Open Source®™© fun!
Or not, as the case may be. Bitmover has (as anyone who's more in touch with the linux kernel mailing lists than I am) decided to stop shipping their free(ish) version of bitkeeper, because someone who worked at the same company as a certain linux kernel developer decided to reverse-engineer the bkd wire format. I'm sure this is annoying for the linux core team, but I'm selfish; it's an absolute disaster for me, because I use bitkeeper all over the place at home and at work, and don't want to convert to some horrid client-server source code control system.
And it's not as if I can go out and write a bk clone of my very own, because I used to work for bitmover and Larry would probably sue me into the ground if I wrote a clone of a product that he's given me copies of the sources for. (And, for that matter, I don't want to write a source code control system of my own. There's a lot of infrastructure that needs to be written before the thing would be useful for anything more robust than file mulching.)
Perhaps it's time to look into monotone (which, from a brief examination, suffers from the too-long-name syndrome.

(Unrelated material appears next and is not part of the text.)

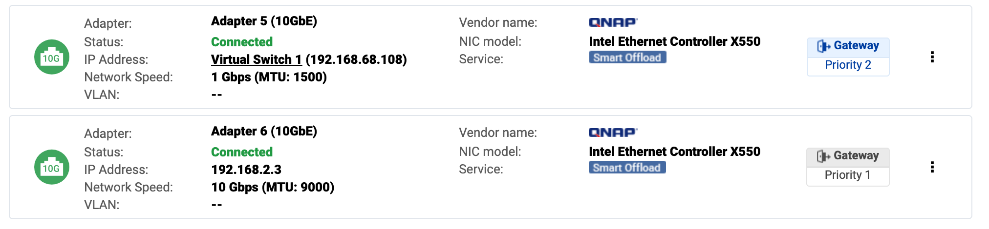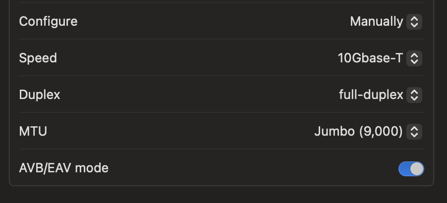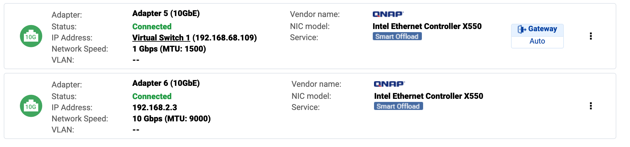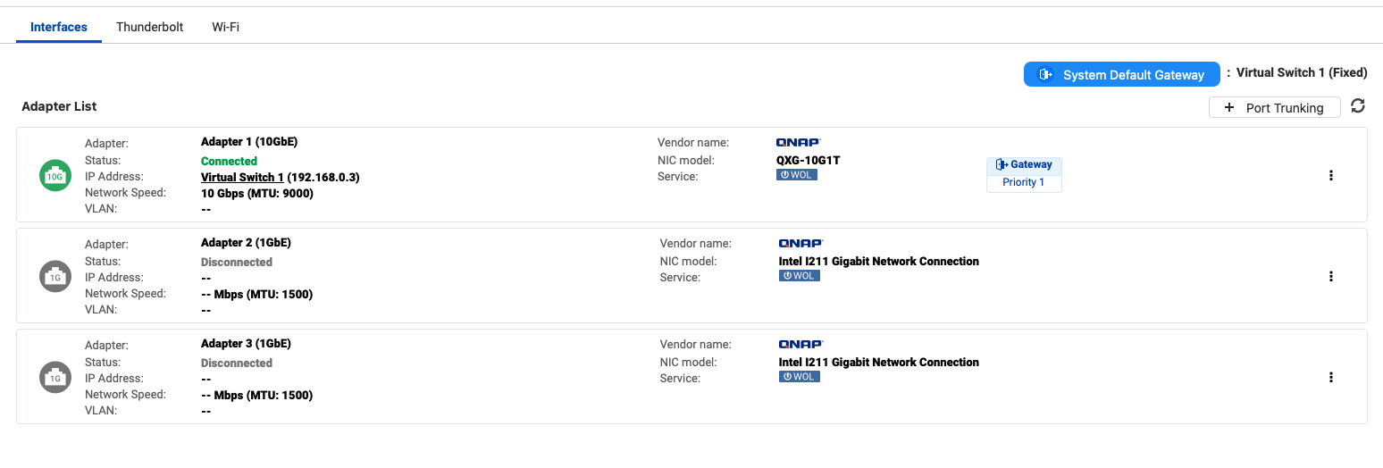 I have a TVS-h1288X running QUTS hero h5.2.6.3195 connected to a Macbook pro running Mac OS 15.5 via a Qnap T310G adapter. On the mac, the thunderbolt ethernet is configured manually for IPv4 and automatically for IPv6. When I check the network settings on the NAS I see 2 connected 10GbE adapters: one running at 1 Gbps and the other at 10 Gbps.

Bitkeeper, and Clearcase, and every other source code control system I've used in the recent past has the useful command syntax of ``name command [args]'', and having to type something like ``monotone command [args]'' over and over and over and over and over again would pretty rapidly drive me to clearcase-style levels of screaming abuse at the version control system. (nope; monotone won't work, because it's written in C++ and it requires g-fucking-cc version 3.2, which means I won't be able to build it on mastodon, and if the version control system won't work on my systems, I won't use it.)
I've obviously forgotten the BOFH's mantra (All hardware sucks, all software sucks) and will have to pay my penance one way or another.